• **Problem description**:
The output should be every line below, retyped exactly, with no images.

• **Recorded information**:

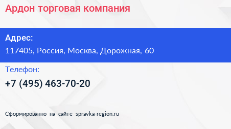 Ардон, торговая компания по адресу 117405, Россия, Москва, Дорожная, 60 в дальнейшем Организация, размещена в следующих категориях:
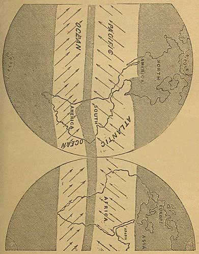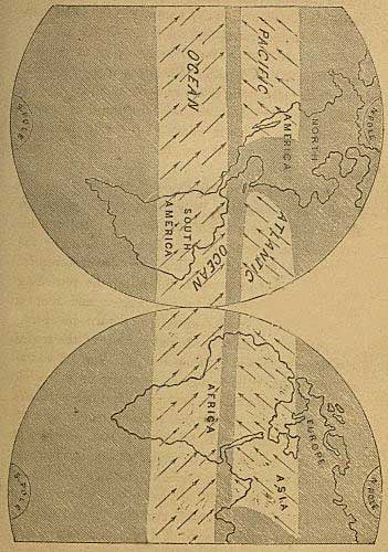 | The trade wind region—Its extent and arrangements—Its belt of daily rains and movable character—The trade winds—The extra tropical belt of rains—Connection between them and their annual movements—The counter-trades—Their origin and situation—One of them constitutes our aerial current—It originates in the South Atlantic as a surface-trade—Anomalies of the trade wind region—Dry seasons—Humboldt’s description of them—Exist where the surface trades are situated—The rainless countries—Concentrated counter-trade—Monsoons—Received theory in relation to them a fallacy—Cause of the great central phenomena—Calorific theory a fallacy—Land not hotter under the belt of rains, nor sea materially so—Theory should be abandoned | 52 |
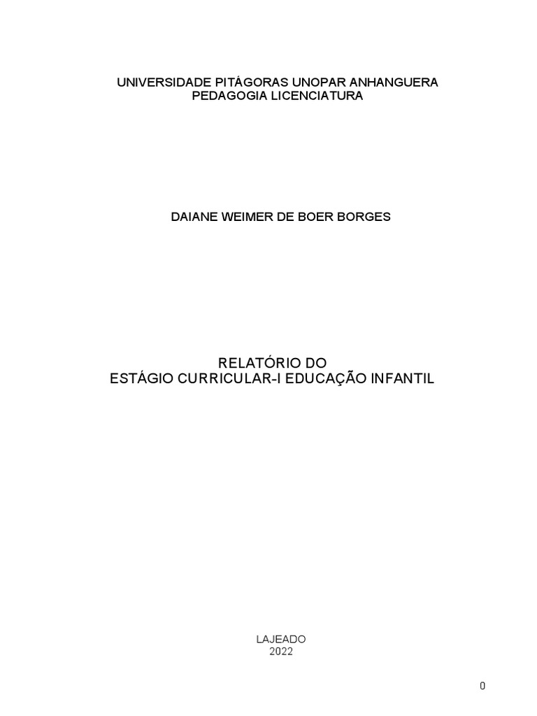 ESTÁGIO CURRICULAR-I EDUCAÇÃO INFANTIL
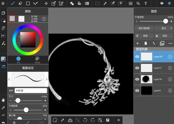 CSP也有不少地方类似Photoshop,它同样支持 .psd 文件格局,而且也提供了一定程度的滤镜和调整图层用于后期处理。

• **Exercise result**:
 Ардон, торговая компания по адресу 117405, Россия, Москва, Дорожная, 60 в дальнейшем Организация, размещена в следующих категориях:
 | The trade wind region—Its extent and arrangements—Its belt of daily rains and movable character—The trade winds—The extra tropical belt of rains—Connection between them and their annual movements—The counter-trades—Their origin and situation—One of them constitutes our aerial current—It originates in the South Atlantic as a surface-trade—Anomalies of the trade wind region—Dry seasons—Humboldt’s description of them—Exist where the surface trades are situated—The rainless countries—Concentrated counter-trade—Monsoons—Received theory in relation to them a fallacy—Cause of the great central phenomena—Calorific theory a fallacy—Land not hotter under the belt of rains, nor sea materially so—Theory should be abandoned | 52 |
 ESTÁGIO CURRICULAR-I EDUCAÇÃO INFANTIL
 CSP也有不少地方类似Photoshop,它同样支持 .psd 文件格局,而且也提供了一定程度的滤镜和调整图层用于后期处理。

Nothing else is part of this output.